Они пасли колхозный табун. Пастух и пастушка.
– В сумке лепехи из мерзлых картошек, – объявил связной комроты, отнявши сумку из мертвых рук старухи, и начал наматывать нитки на клубок. Смотал, остановился, не зная, куда девать сумку.
Филькин длинно вздохнул, поискал глазами лопату и стал копать могилу. Борис тоже взял лопату. Но подошли бойцы, больше всего не любящие копать землю, возненавидевшие за войну эту работу, отобрали лопаты у командиров.
Щель вырыли быстро. Попробовали разнять руки пастуха и пастушки, да не могли и решили – так тому и быть. Положили их головами на восход, закрыли горестные, потухшие лица: старухино – ее же полушалком, с реденькими висюльками кисточек, старика – ссохшейся, как слива, кожаной шапчонкой. Связной бросил сумку с едой в щель, и принялся кидать лопатой землю.

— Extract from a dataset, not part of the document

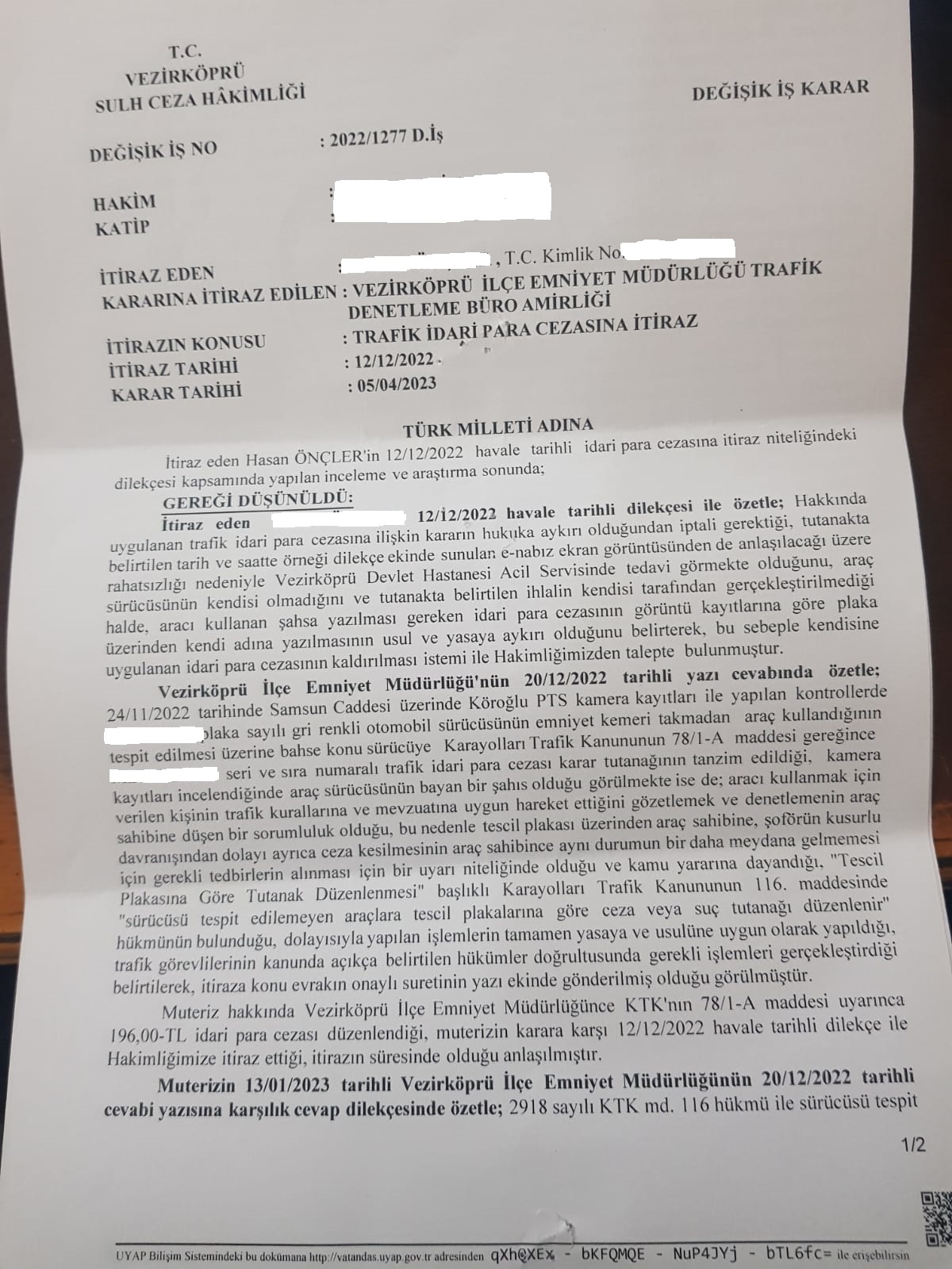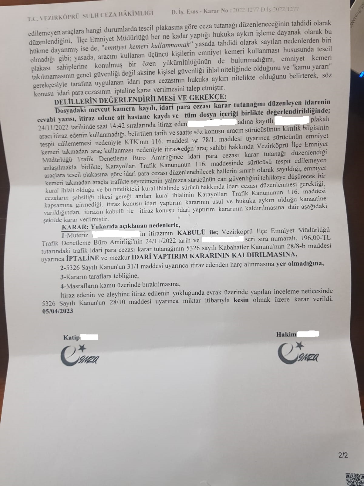 Yukarıda detaylıca açıklandığı üzere her ne gerekçe ile olursa olsun, emniyet kemeri kullanılmadığından bahisle 2918 sayılı Karayolları Trafik Kanunu md. 78/1-A hükmü uyarınca sürücüye değil de, tescil plakası sahiplerine yazılan idari para cezalarına karşı ceza tutanağının tebliği tarihinden itibaren 15 günlük yasal sürede yerleşim yerindeki Sulh Ceza Hakimliğine verilecek yazılı dilekçe ile itiraz yoluna başvurulabilir. Sulh Ceza Hakimliği tarafından verilen kararlar kesindir. Bahsi geçen konuya ilişkin Vezirköprü Sulh Ceza Hakimliğine yaptığımız itiraz sonucu iptal edilen kemer cezasına ilişkin karar, emsal olması adına aşağıda paylaşılmaktadır.

Зарыли безвестных стариков, прихлопали лопатами бугорок, кто-то из солдат сказал, что могила весной просядет – земля-то мерзла со снегом, и тогда селяне, может быть, перехоронят старика со старухой. Пожилой долговязый боец Ланцов прочел над могилой складную, тихую молитву: «Боже правый духов, и всякия плоти, смерть поправый и диавола упразднивший, и живот миру твоему дарованный, сам, Господи, упокой душу раба твоего… рабов твоих», – поправился Ланцов.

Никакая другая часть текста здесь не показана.